Timor Leste merupakan sebuah
negara kecil yang baru merdeka, Timor Leste memiliki batas wilayah dengan
negara Indonesia. Dimana panjang garis perbatasan antara Timor Leste dan
Indonesia adalah kurang lebih 279 kilometer yang masingmasing meliputi 710
titik di Kabupaten belu, 3 titik diKabupaten Kupang dan 5 titik di Kabupaten
Timor Tengah Utara. Batas wilayah kedua negara tersebut merupakan merupakan
sengketa bagi pertahanan keamanan bagi masingmasing wilayah kedua negara ini.

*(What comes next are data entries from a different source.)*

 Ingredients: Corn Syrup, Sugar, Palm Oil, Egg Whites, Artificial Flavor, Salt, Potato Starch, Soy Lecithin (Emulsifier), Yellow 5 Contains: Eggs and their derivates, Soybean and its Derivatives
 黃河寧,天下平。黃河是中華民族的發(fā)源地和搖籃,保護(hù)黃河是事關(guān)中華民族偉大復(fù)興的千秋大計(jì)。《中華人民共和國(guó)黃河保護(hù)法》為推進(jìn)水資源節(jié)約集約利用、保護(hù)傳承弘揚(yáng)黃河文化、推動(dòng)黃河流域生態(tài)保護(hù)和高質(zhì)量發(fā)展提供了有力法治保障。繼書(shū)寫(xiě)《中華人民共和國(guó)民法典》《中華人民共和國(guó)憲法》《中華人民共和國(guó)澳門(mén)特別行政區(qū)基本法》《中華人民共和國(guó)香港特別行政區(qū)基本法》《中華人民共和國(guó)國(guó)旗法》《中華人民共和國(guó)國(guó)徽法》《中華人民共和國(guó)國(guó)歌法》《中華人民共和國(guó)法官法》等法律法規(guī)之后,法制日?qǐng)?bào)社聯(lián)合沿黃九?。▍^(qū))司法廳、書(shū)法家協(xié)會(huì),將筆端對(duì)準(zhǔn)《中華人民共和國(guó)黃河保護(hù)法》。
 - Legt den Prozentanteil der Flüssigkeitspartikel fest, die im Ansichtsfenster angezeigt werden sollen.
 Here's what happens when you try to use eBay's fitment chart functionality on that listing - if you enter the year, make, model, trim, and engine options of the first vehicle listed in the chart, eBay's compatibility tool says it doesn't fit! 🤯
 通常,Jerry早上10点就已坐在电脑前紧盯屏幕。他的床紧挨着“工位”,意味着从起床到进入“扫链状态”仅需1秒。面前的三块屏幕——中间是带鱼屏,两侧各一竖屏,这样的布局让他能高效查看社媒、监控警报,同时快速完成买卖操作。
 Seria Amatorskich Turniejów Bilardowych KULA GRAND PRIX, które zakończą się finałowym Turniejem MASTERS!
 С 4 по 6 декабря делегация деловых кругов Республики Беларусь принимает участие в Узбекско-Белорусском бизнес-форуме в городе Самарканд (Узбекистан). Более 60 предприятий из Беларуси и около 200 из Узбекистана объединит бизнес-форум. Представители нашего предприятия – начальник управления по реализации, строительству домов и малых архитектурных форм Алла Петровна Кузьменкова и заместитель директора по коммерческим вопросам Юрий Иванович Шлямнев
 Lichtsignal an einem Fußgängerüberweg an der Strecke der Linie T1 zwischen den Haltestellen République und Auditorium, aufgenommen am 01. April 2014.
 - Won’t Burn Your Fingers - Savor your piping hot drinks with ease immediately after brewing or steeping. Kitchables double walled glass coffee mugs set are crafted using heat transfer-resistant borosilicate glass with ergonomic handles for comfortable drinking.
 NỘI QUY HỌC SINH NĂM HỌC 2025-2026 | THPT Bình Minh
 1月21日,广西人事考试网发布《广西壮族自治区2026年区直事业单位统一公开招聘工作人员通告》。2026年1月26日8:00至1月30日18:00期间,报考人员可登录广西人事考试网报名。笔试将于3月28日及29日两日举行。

Garis batas wilayah negara Timor Leste (Motain) dengan Indonesia di batasi oleh
sebuah sungai kecil, sudah tentu perbatasan wilayah kedua negara tersebut akan menimbulkan
berbagai permasalahn karena jarak yang sangat berdekatan memudahkan timbulnya
kerawanan bagi keamanan wilayah Timor Leste.
Timbulnya
masalah di perbatasan Wilayah Timor Leste – Indonesia karena kerawanan batas wilayah
kedua negara yang strategis, stabilitas keamanan kedua negara yang belum 100% terjamin
aman, ditinjauh dari aspek historis atau sejarahnya, masyarakat yang berada
diwilayah perbatasan kedua negara tersebut memiliki ciri khas yang sama yaitu
persamaan bahasa, ras, warna kulit juga sebagian besar masyarakat yang memiliki
keluarga di seberang (Atambua) sehingga memudahkan warga seberang melakukan bisnis
gelap masuk ke wilayah Timor Leste karena target harga yang berbeda, dan
perbedaan mata uang yang berlaku yaitu Rupiah ke Dolar yang memiliki kesenjangan
yang berbeda jauh, karena kurang terjaminnya stabilitas keamanan bagi kedua
negara tersebut.
1.2 Rumusan Masalah
1.2.1
Bagaimana kebijakan pemerintah Timor Leste dalam menyelesaikan permasalahan di
wilayah perbatasan Timor Leste (Motain) dengan Indonesia?
1.3 CONTOH KASUS
1.3.1
Konflik perbatasan yang menurut Aiex Mendonca, bahwa perbatasan antara Timor
Leste dengan Indonesia belum dikatakan mengikuti kaidah Internasional karena
sebagai buktinya pembangunan pos perbatasan yang masih dalam kawasan bebas
(free area), yang jaraknya sekitar 1 km dari bibir perbatasan Timor Leste.
Sehingga dikatakan tidak pas untuk mengadakan penangkapan kepada masyarakat
manapun.
1.3.2 Contoh kasus penyeludupan bahan bakar minyak (BBM) dan
kebutuhan bahan pokok ekonomi lainnya yang dijual oleh masyarakat bagian Timor Barat
kepada masyarakat bagian Timor Leste secara ilegal.
KESIMPULAN
Sejak
terpisahya Timor Leste menjadi negara tersendiri tepat pada tahun 1999. Timor
Leste dengan Indonesia memiliki sejarah yang panjang hinngga saat ini masih
merupakan dasar yang kuat bagi kedua negara untuk saling bekerjasama dan saling
memberi kepercayaan, karena sebelumnya Timor Leste merupakan wilayah /propinsi
bagian dari negara Republik Indonesia.
Timbulnya masalah di perbatasan Wilayah Timor Leste – Indonesia
karena kerawanan batas wilayah kedua negara yang strategis, stabilitas keamanan
kedua negara yang belum 100% terjamin aman, ditinjauh dari aspek historis atau
sejarahnya, masyarakat yang berada diwilayah perbatasan kedua negara tersebut
memiliki ciri khas yang sama yaitu persamaan bahasa, ras, warna kulit juga
sebagian besar masyarakat yang memiliki keluarga di seberang (Atambua) sehingga
memudahkan warga seberang melakukan bisnis gelap masuk ke wilayah Timor Leste
karena target harga yang berbeda, dan perbedaan mata uang yang berlaku yaitu
Rupiah ke Dolar yang memiliki kesenjangan yang berbeda jauh, karena kurang
terjaminnya stabilitas keamanan bagi kedua negara tersebut.